The result of order is efficiency, while the result of disorder is inefficiency. We feel the first as a pleasant emotion, comfort and satisfaction. The other is felt as discomfort, repulsive, anger and dissatisfaction. We all know this very well, except that due to haste, poor observation, and thinking, we no longer notice these connections that affect our movement, work, and life. At birth, we are helpless and therefore completely dependent on our parents, their knowledge and ability to arrange everything necessary for our orderly and efficient upbringing. Growing up is a period of learning and exploration – gaining order and thus efficiency. With knowledge comes independence, and with it come questions like “Mom, can I…?” which are connected to increasingly complex and responsible actions.
If a three-year-old asks you if he can go to the store by himself to get candy, you refuse him because you judge that it is not easy for him but rather too difficult and dangerous. When a ten-year-old asks you the same question, you agree with it because you judge that he can do it. After all, he has already learned enough and can handle it without danger or difficulty. If a sixteen-year-old asks you the same thing, you just give him a big look saying, “What’s wrong with my child?”
With your child’s growth in feeling, control, and coordination, as well as efficiency and orderliness, your relationship with him changes simultaneously. Efficiency is the basis for a pain-free life and allows us to effectively reduce entropy. By observing and improving efficiency, we create the conditions for life, growth, and joy.
You will increasingly respect the meaning of learning, which will affect greater orderliness, complexity, and efficiency while at the same time reducing your dependence on unnecessary technologies and performing your work conscientiously and carefully. That way, we preserve personal freedom, desires, and goals and train our abilities to achieve everything we want. At the same time, we are aware of both the rights and duties that arise from this.

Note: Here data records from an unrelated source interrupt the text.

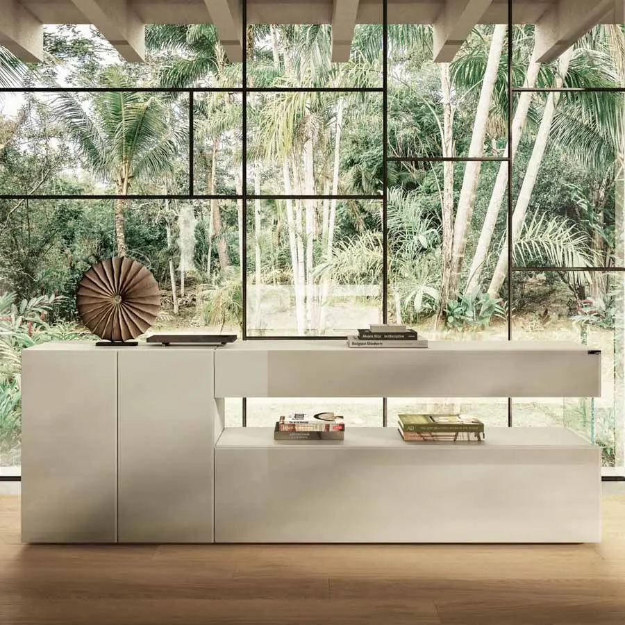 Gracias a la modularidad del sistema 36e8 nacen originales aparadores personalizables en tamaño, formas y colores, que resuelven cualquier exigencia de almacenaje para cualquier contexto y estilo. Volúmenes monolíticos o desestructurados, suspendidos o apoyados; pueden integrar almacenadores totalmente en cristal y Wall panels haciendo todavía más amplias las posibilidades a la hora de proyectar. La original junta en aluminio con trabajado a 45º, la puerta perfilada y el lacado interior junto a materiales como la madera Wildwood, el cristal tintado o el mármol, metal, madera y tejido XGlass dan fe de la excelencia constructiva de un producto extremadamente duradero.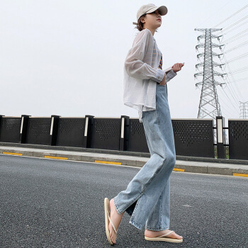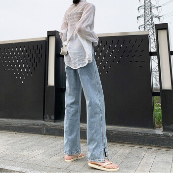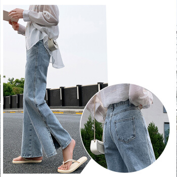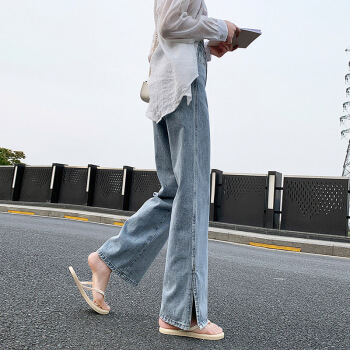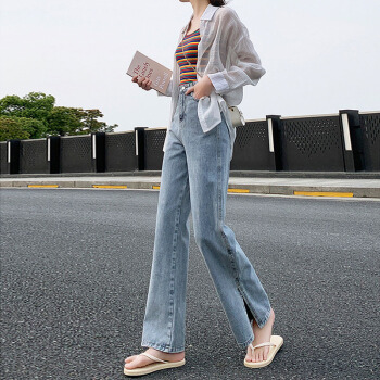 开叉阔腿牛仔裤女直筒宽松泫雅风高腰2020夏季薄款垂感拖地裤 蓝色 XXS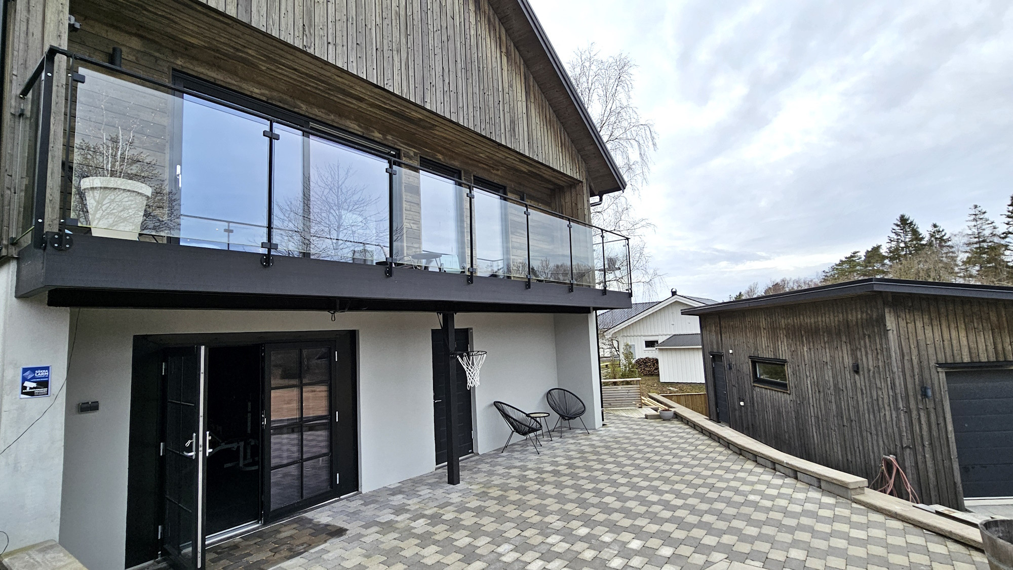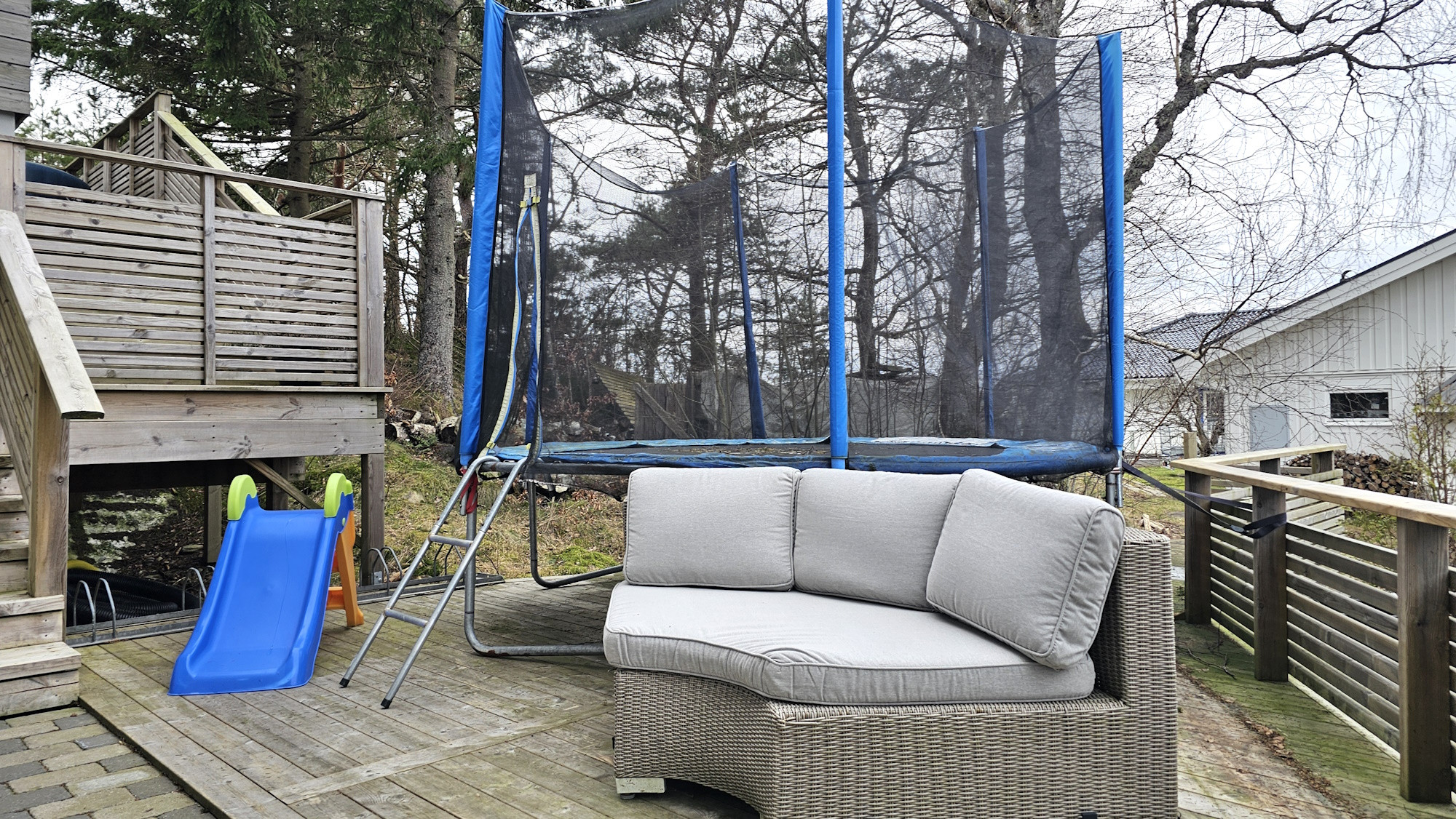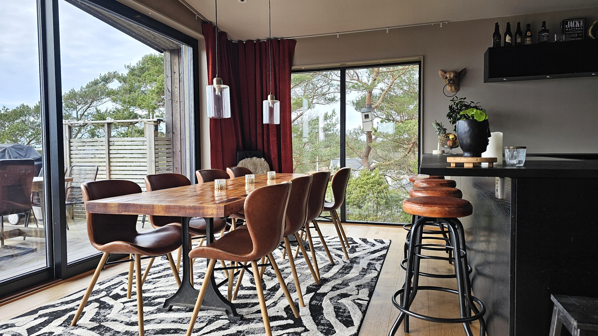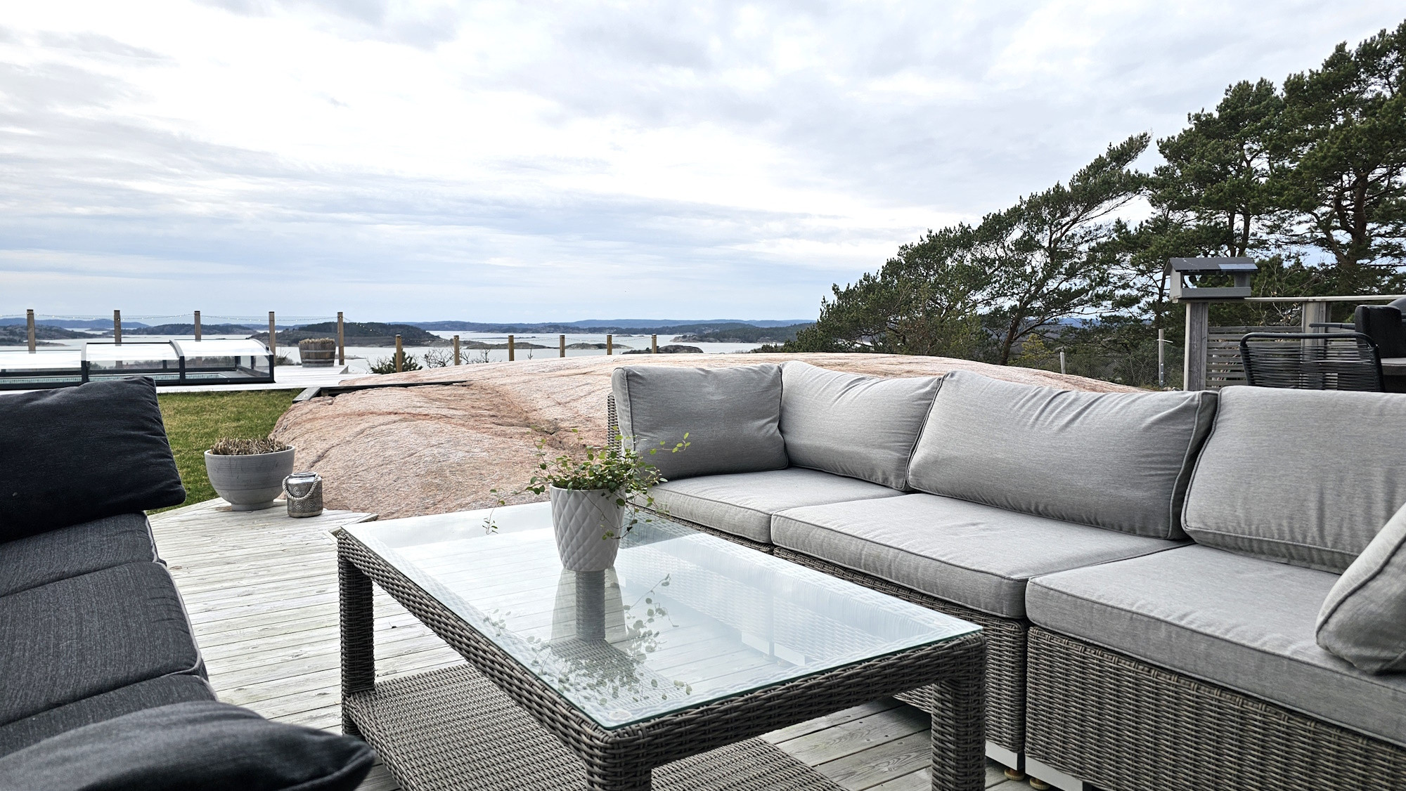 The pool area is a private oasis with sun from early morning until late evening. The heated saltwater pool is beautifully integrated into the natural rock and framed by a fantastic view over Stigfjorden. The terrace offers plenty of space for relaxation and outdoor dining, complete with a dining table, lounge furniture, sun loungers and a gas grill. For children, there is a trampoline and swings, and for adults a fully equipped gym with treadmill, crosstrainer, free weights and Apple TV. The house is also pet friendly and has a small dog enclosure next to the property. This is a place where comfort, nature and luxury meet in perfect harmony.

This is why I give such emphasis on increasing orderliness, complexity and efficiency of movement and the improvement of clear communication within ones soma in AEQ exercises. Through exercises we gradually recover lost abilities; we improve them with less effort but more feeling, knowledge and curiosity. We try to transfer this mindset onto other areas of our life; that way we will improve as we go on in years, we become wiser, more efficient and have greater control over entropy.